A final misconception about mindfulness is that it is a religious exercise. While many religions do practice meditation and forms of mindfulness, it does not need to have any sort of religious connotation if you don’t want it to. Whether you are religious or not, there is quite a bit for you to gain by practicing mindfulness. Keep reading to learn more about the benefits of mindfulness.

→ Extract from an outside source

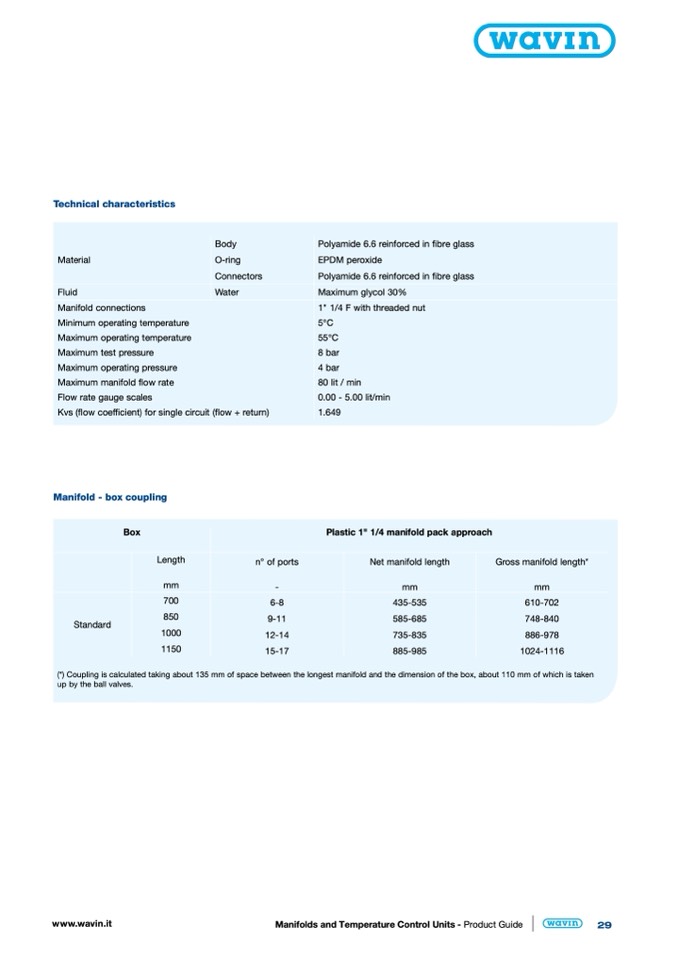 (*) Coupling is calculated taking about 135 mm of space between the longest manifold and the dimension of the box, about 110 mm of which is taken

What Are the Benefits of Mindfulness?

It should not come as a surprise to you that cultivating the ability to think without judgment or interpretation can have a positive effect on the mind and body. Have you ever had trouble separating your thoughts from your emotions, or have you experienced stress due to an inability to take your mind off of something that worries or upsets you? These are examples of times where a bit of mindfulness could go a long way.

Not only can practicing mindfulness reduce stress, but it has also been proven an effective method of combatting depression and other forms of mental illness. Having a firm focal point in your mind that you can return to when needed is a major advantage in keeping things in perspective. In both the short term and long term, mindfulness can help keep you emotionally healthy.

Unsurprisingly, mindfulness has also been shown to improve memory, reflexes, and energy levels. You may see your creativity rise and your mood improve on a regular basis if you begin prioritizing mindfulness. Even addictive and self-destructive behaviors have been shown to drop in people that begin to do mindfulness exercises. In general, mindfulness is an excellent tool to have if you want to keep your mind sharp and your emotional health stable.

Though mindfulness provides many mental health benefits, it has also been shown to improve sleep and reduce your odds of serious illness. People that meditate are admitted to the hospital less frequently than others for cancer, heart disease, and other serious diseases. It has also been shown to improve circulatory health.

Best of all, there are simply no negative consequences associated with mindfulness. Some people worry that mindfulness will dull their mind or make them complacent, but in fact it has the opposite effect. People who practice mindfulness find themselves feeling sharper and more energized than ever.

There are few things out there that are truly great for both the mind and body. There are even fewer things that require as little as 15 minutes out of your daily schedule with no other sacrifices. When it comes to getting the most figurative bang for your buck regarding your health, practicing mindfulness is an excellent way to go about it.

How to Practice Mindfulness

The best thing about mindfulness is that it is very simple to get started. It takes almost no time out of your day and does not cost a penny. Once you know how to go about practicing mindfulness, you can begin living your whole life mindfully.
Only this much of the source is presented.